We study the lifetime of the persistent spin helix in semiconductor quantum wells with equal Rashba and linear Dresselhaus spin-orbit coupling strengths. In order to address the temperature dependence of the relevant spin relaxation mechanisms we derive and solve a semiclassical spin diffusion equation taking into account the effects of spin-dependent impurity scattering, cubic Dresselhaus spin-orbit coupling and electron-electron interactions. For the experimentally relevant regime we find that the lifetime of the persistent spin helix is mainly determined by the interplay of cubic Dresselhaus spin-orbit interaction and electron-electron interactions.
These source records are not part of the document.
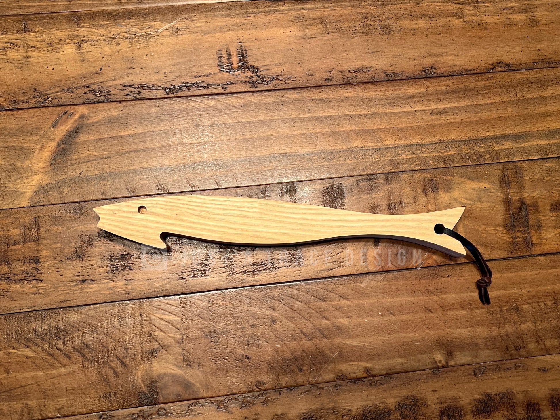 Each Wooden Oven Rack Puller is cut from a solid piece of cherry or ash hardwood and comes with a leather strap so it can be easily hung on a hook for easy access. Cut in the shape of a fish.
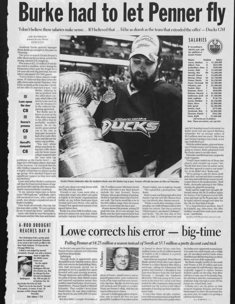 Penner became an Oiler in the summer of 2007 after signing a rare offer sheet with Edmonton — one that the Anaheim Ducks declined to match. Ducks GM Brian Burke was furious, blasting Kevin Lowe publicly and sparking one of the league’s most memorable front-office feuds of the 2000s.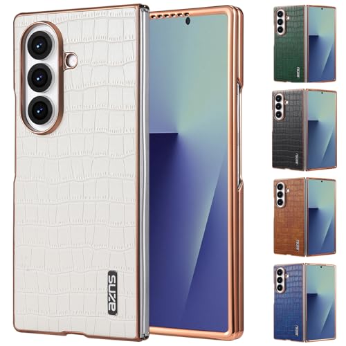 Étui en Cuir à Motif Luxueux pour Samsung Zfold 7 6 5 4 3 5g, Support Pliable Miroir, Protection Antichoc (pour Galaxy Z Fold6/Blanc)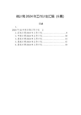 统计局2024年工作计划汇编(6篇)目录1.2024年XX市统计局工作计划22.区统计局2024年工作计划.83.市统计局2024年工作计划104.县统计局2024年工作计划145.县统计局2024年工作计划176.县统计局2024年工作计划192024年XX市统计局工作计划2024年,全市统计工作总体思路是:以习近平新时代中国特色社会主义思想为指导,全面贯彻落实党的二十大和中央经济工作会议精神,深入贯彻落实习近平总书记视察广东重要讲话、重要指示精神和关于统计工作重要讲话指示批示精神,深入贯彻落实全国、全省统计工作会议和全省、全市高质量发展大会精神,细化落实省委1310具体部署及市委1312思路举措,锚定排头兵、领头羊、火车头标高追求,以再出发的拼劲干劲闯劲全力以赴推动二次创业,坚守统计数据质量生命线,抓实抓细五经普工作,摸清摸准XX经济家底,扎实推进三个服务提质效,持续深化改革创新强活力,凝心聚力服务大局出实绩,在推进中国式现代化的XX实践中谱写统计新篇章。重点落实以下工作:(一)进一步发挥专业优势,推动统计三服务实现新跃升一是为中心工作提供专业服务。充分发挥统计的预测预判预警作用,持续提高统计数据质量,加强经济运行监测分析,密切关注经济运行中苗头性、趋势性、倾向性问题,为市委、市政府开展经济稳增长工作提供优质高效统计服务。二是为各区、行业部门提供精准服务。密切关注行业政策措施效应,聚焦重点问题、重点项目和企业清单式列表;及时提供翔实数据,深入分析行业、产业和区域经济发展的长短板,助力各区发挥经济稳增长主阵地作用,助推各部门管行业就要管经济发展。三是为持续改善民生提供贴心服务。不断完善城市环境、人口就业、健康养老、文化体育、妇女儿童等社会民生统计,围绕民生热点问题开展万户居民调查,积极反映人民群众的实际感受,助力增添幸福城市底色。(二)进一步融入中心大局,推动统计抓落实能力实现新跃升围绕谋深做实市委1312思路举措,紧盯重点领域,充分发挥统计职能作用,以推动工作大落实助力XX高质量发展开创新局面。一是围绕助力纵深推进新阶段粤港澳大湾区建设,继续完善南沙先行区统计监测机制,积极支持南沙开展各项统计改革创新试点工作。二是围绕助力加快构建以实体经济为支撑的现代化产业体系,加大对新型工业化的探讨,探索研究建立反映两业融合发展情况的统计指标体系和评价体系。三是围绕助力深入实施百千万工程,做好市、区两级统计数据整理提供和测算服务,着力完善镇(街)、村(居)级统计规范化建设,利用统计智库平台实现农业联网直报,提高农业农村统计数据质量和填报管理效率。四是围绕助力着力加强城市规划建设治理,不断完善城市更新投资统计。五是围绕助力持续强化中心城市门户枢纽功能,密切联动市交通运输局、港务局等职能部门,不断提升交通运输统计监测工作水平。六是围绕助力深入推进绿美XX生态建设,扎实开展能耗核算和碳排放统计核算工作,加强对全市电力供需形势的统计监测,积极开展新型储能、绿电交易等相关领域的分析研究。(三)进一步抓细抓实五经普,推动统计盯重点能力实现新跃升围绕普查登记核心环节,抓好全市超两百万市场主体的数据填报尤其是重点指标的填报质量,摸清摸准XX经济家底。一是凝聚各方合力,着力在普查宣传、查找单位、协调入户、跟踪催报等方面发挥成员单位的积极作用。二是压实区、镇街一把手职责,做好各项物资供应和普查程序培训。三是广泛开展宣传告知,营造支持配合普查的良好氛围。四是稳定两员队伍,及时了解基层情况,加强业务指导和现场督导。五是坚持质量导向,坚持做到经普数据真实、质量有保证。(四)进一步开拓创新,推动统计解难题能力实现新跃升一是继续开展数据生产要素统计试点。进一步深化数据生产要素统计核算理论研究,为反映数据生产要素在高质量发展阶段的贡献提供XX经验。二是持续纵深推进统会融通企业电子统计台账建设工作。密切关注国家统计局有关企业电子统计台账工作要求的变化,做好已在库企业使用维护和新入库企业推广使用。三是探索开展服务零售额测算。结合上级安排,探索利用部门行政记录、第三方大数据等,完善服务消费市场发展变化情况的统计监测。四是探索建设劳资数据电子台账。针对劳资报表口径繁杂、数据填报汇总多源头、指标计算复杂的特点,研究制定我市劳资统计标准电子台账。(五)进一步做好年定报工作,推动统计数据提质量实现新跃升筑牢统计数据质量生命线,扎实组织做好全部调查单位年定报及各项调查工作,强化数据质量全过程管理,严格落实统计数

We propose that even longer lifetimes can be achieved by generating a spatially damped spin profile instead of the persistent spin helix state.

Figure 1

(a) Temperature-dependent relaxation rates due to electron-electron interactions, ${\tau }_{\mathrm{e}-\mathrm{e},1}^{-1}$ (solid curve), ${\tilde{\tau }}_{\mathrm{e}-\mathrm{e},1}^{-1}$ (dot-dashed curve) and ${\tau }_{\mathrm{e}-\mathrm{e},3}^{-1}$ (dashed curve), as numerically computed from Eq. (49) using the experimental parameters of Ref. 7. For comparison: the inverse transport time at $T=100$ K is ${\tau }^{-1}=1{\mathrm{ps}}^{-1}$. We use this value of the inverse transport time as an input for the calculation of the PSH lifetimes over the whole temperature range depicted in Fig. 2. (b) The resulting effective relaxation rates: ${\tau }_1^{-1}$ (solid), ${\tau }_3^{-1}$ (dashed), and ${\tilde{\tau }}_1^{-1}$ (dot-dashed); cf. Eqs. (47), (48), and (54).

Figure 2

(a) Temperature-dependent lifetimes of the enhanced (red/gray) and reduced (blue/black) modes. The points are experimental data from Ref. 7. Solid lines are the respective theoretical curves including extrinsic and cubic Dresselhaus spin-orbit interactions as well as electron-electron interactions; the thin dashed line is the simplified result from Eq. (83). In panel (b) we zoom in on the theoretical curve of panel (a) close to the maximum of ${\tau }_E$. The dashed line is the theoretical curve without extrinsic spin-orbit interaction. Panel (c) depicts the results of a calculation, where we include extrinsic and cubic Dresselhaus spin-orbit interaction but exclude electron-electron interactions. [Also here, a comparison as in (b) would show that the influence of the extrinsic spin-orbit interactions is marginal.]